People who care about wildlife and the environment will have a new way to act on their concern in 2002. They can buy “Healthy Grown” potatoes.
Bags of the Wisconsin potatoes will begin appearing in select stores this winter. The bags will carry the familiar panda logo of the World Wildlife Fund. The World Wildlife Fund supports Protected Harvest, the independent, non-profit organization that certifies that the potatoes were produced under strict growing standards.
The Healthy Grown brand resulted from a major program to label potatoes that are grown in an environmentally sensitive way. The program is a cooperative effort involving the Wisconsin Potato and Vegetable Growers Association, the World Wildlife Fund and the University of Wisconsin-Madison.
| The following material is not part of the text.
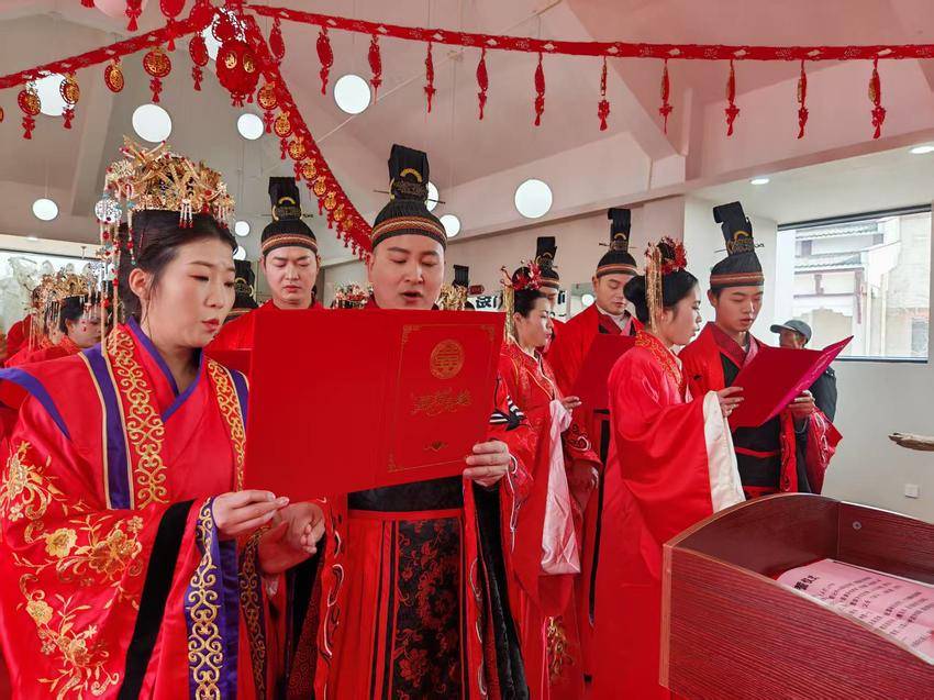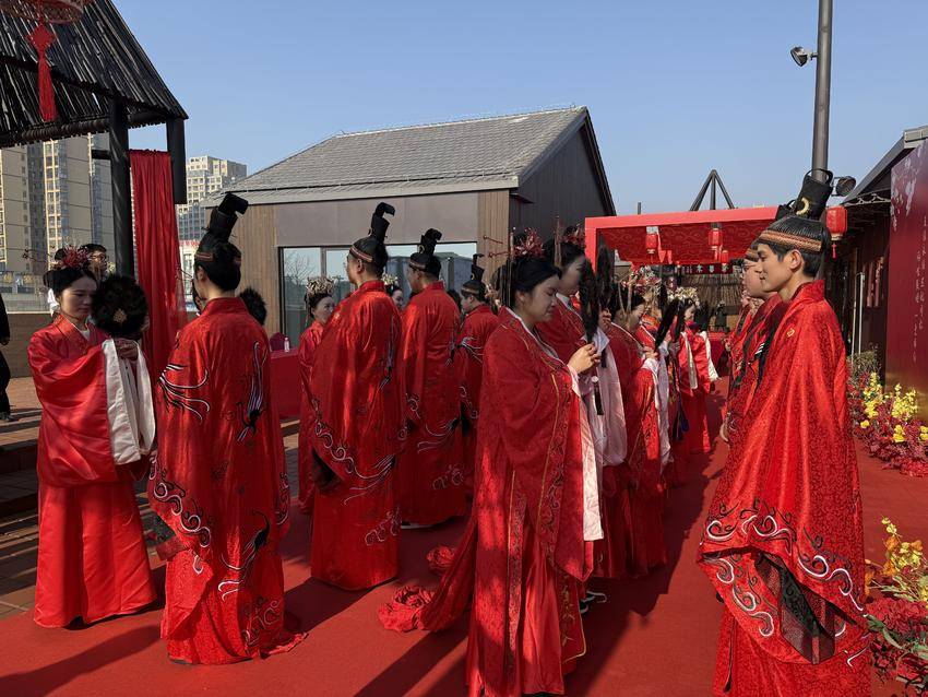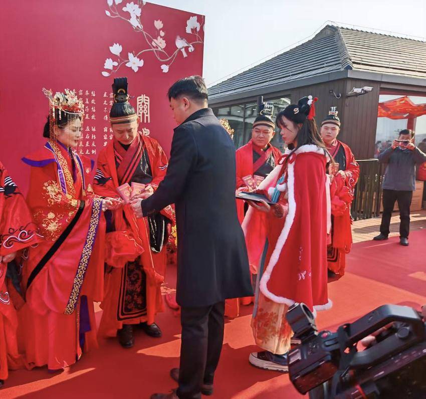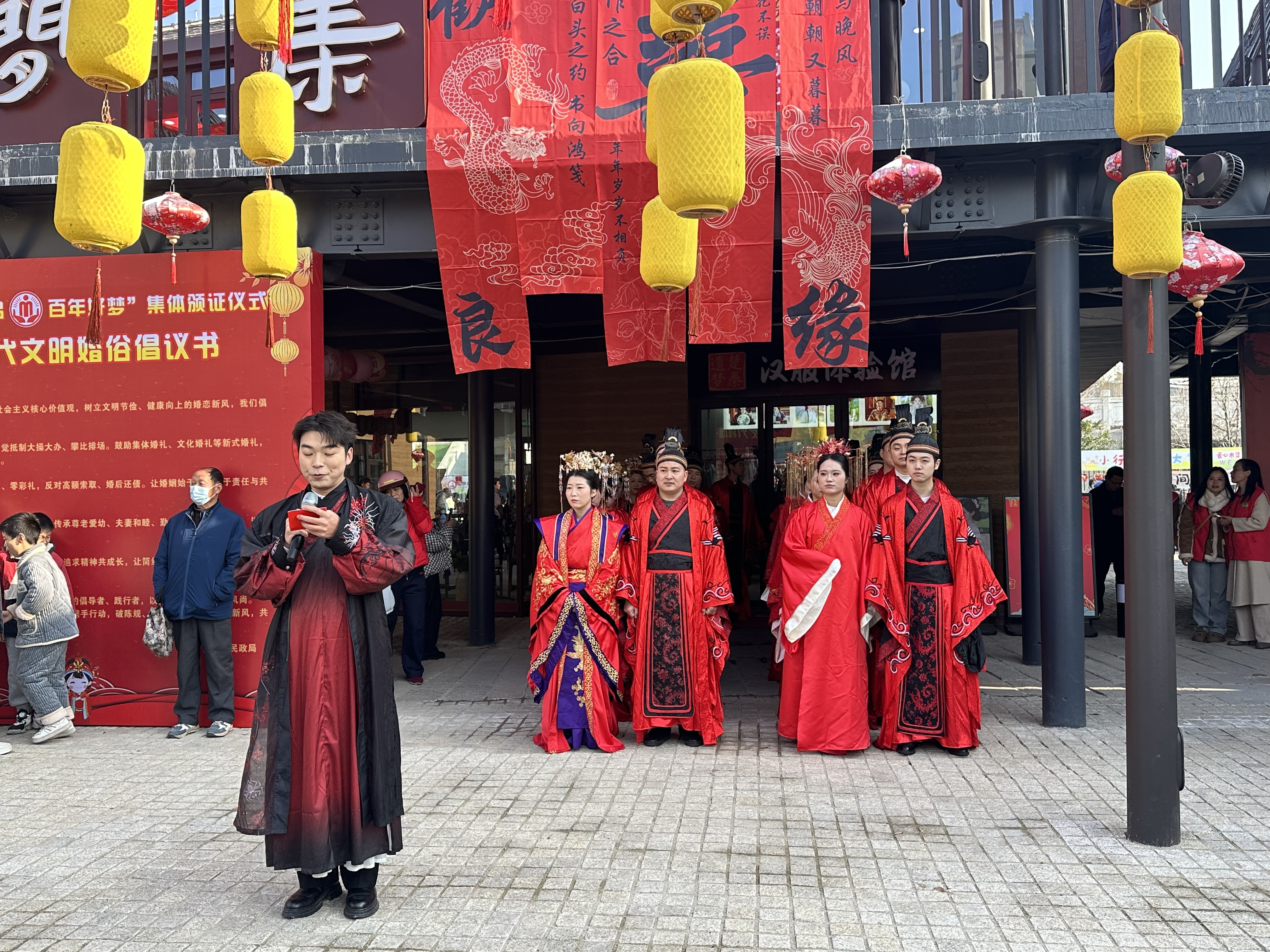 活动现场暖意融融,古乐清扬婉转。上午10时10分,新人们手牵红绸,缓步拾级而上,在礼台上整齐列队。古色古香的场馆与飘逸的汉服相映成趣,尽显传统婚俗的独特韵味与文化魅力。
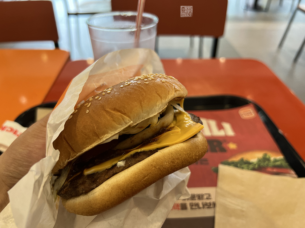어제 한동안 내리던 장맛비가 잠시 소강상태를 보인 점심때를 맞아 버거킹을 찾았다. 처음에는 평소처럼 몬스터 와퍼 세트를 주문해서 먹으려고 했지만, 이번에 버거킹에서 새롭게 나온 텍사스 칠리와퍼에 잠깐 흥미가 생겨서 이번에는 신 메뉴를 한번 먹어보기로 했다. 칠리소스가 들어간 제품이다 보니 살짝 매콤한 맛이 딱 좋을 것 같았다.

“The program gives consumers a choice to buy a product that was produced in a way that is healthier for the environment,” says Jeff Wyman, a UW-Madison entomologist who helped make the effort a success. “It also gives consumers a chance to reward growers for their investment of time and money to reduce environmental impacts.
“Wisconsin potato growers have worked closely with UW-Madison researchers and extension specialists since the 1980s to build the foundation for this program,” Wyman says. “Our growers lead the nation in adoption of innovative strategies to reduce reliance on pesticides. They deserve recognition in the marketplace.”
Wisconsin”s potato growers began working with people at the World Wildlife Fund in 1996. The UW-Madison researchers became the third partner in 1997. The goal was to grow potatoes in a way that protected wildlife, the environment and reduced growers” reliance on pesticides. If the Wisconsin growers could meet certain environmental standards, the World Wildlife Fund would allow its panda logo to be used in marketing those potatoes.
Wyman says that the program is a model for identifying ecologically sound methods of food production. He is part of a team from the College of Agricultural and Life Sciences whose research has been critical to the program. The team developed an intensive program for managing pests that emphasizes monitoring and avoiding pesticides – especially the most environmentally harmful ones – whenever possible. By implementing the methods, Wisconsin potato growers reduced their pesticide use by a total of 500,000 pounds between 1997 and 1999.
However, it became clear that statewide reductions wouldn”t satisfy consumers, according to Wyman. Consumers want to know that the potatoes they buy have been grown in an environmentally sensitive way.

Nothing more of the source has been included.